Without the pictures, output the lines of the material from the very first through the one that holds "The theoretical value".
══ Data below ══
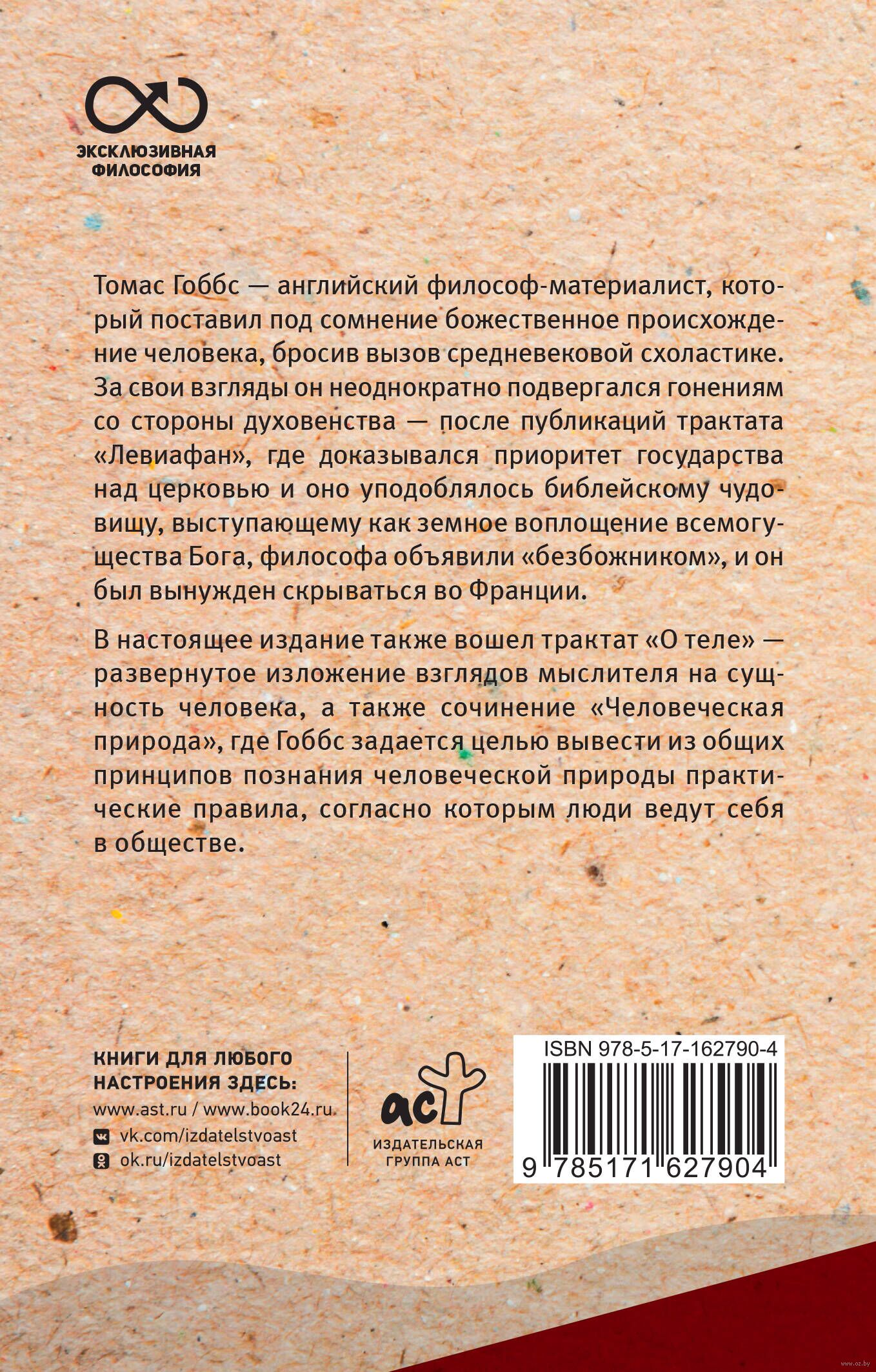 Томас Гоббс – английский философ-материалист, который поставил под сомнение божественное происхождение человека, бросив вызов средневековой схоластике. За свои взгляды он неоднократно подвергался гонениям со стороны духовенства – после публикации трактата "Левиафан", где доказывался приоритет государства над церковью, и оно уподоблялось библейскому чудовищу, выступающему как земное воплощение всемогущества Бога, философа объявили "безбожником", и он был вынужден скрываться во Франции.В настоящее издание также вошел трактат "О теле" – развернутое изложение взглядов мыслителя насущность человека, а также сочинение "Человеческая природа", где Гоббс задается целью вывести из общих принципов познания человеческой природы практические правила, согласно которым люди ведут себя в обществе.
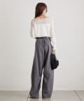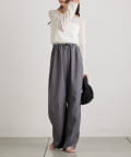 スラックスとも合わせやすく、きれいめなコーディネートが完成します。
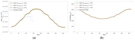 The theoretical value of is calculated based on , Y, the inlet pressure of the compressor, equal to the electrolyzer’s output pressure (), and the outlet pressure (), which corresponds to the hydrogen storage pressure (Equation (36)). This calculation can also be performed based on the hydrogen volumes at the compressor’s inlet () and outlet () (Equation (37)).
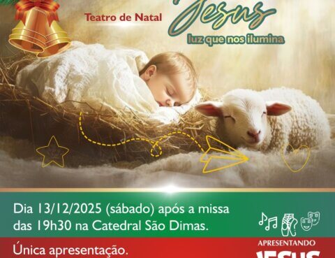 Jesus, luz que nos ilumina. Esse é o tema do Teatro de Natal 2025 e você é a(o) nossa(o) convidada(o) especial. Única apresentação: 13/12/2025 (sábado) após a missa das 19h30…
═══
Response for this exercise:
 Томас Гоббс – английский философ-материалист, который поставил под сомнение божественное происхождение человека, бросив вызов средневековой схоластике. За свои взгляды он неоднократно подвергался гонениям со стороны духовенства – после публикации трактата "Левиафан", где доказывался приоритет государства над церковью, и оно уподоблялось библейскому чудовищу, выступающему как земное воплощение всемогущества Бога, философа объявили "безбожником", и он был вынужден скрываться во Франции.В настоящее издание также вошел трактат "О теле" – развернутое изложение взглядов мыслителя насущность человека, а также сочинение "Человеческая природа", где Гоббс задается целью вывести из общих принципов познания человеческой природы практические правила, согласно которым люди ведут себя в обществе.
 スラックスとも合わせやすく、きれいめなコーディネートが完成します。
 The theoretical value of is calculated based on , Y, the inlet pressure of the compressor, equal to the electrolyzer’s output pressure (), and the outlet pressure (), which corresponds to the hydrogen storage pressure (Equation (36)). This calculation can also be performed based on the hydrogen volumes at the compressor’s inlet () and outlet () (Equation (37)).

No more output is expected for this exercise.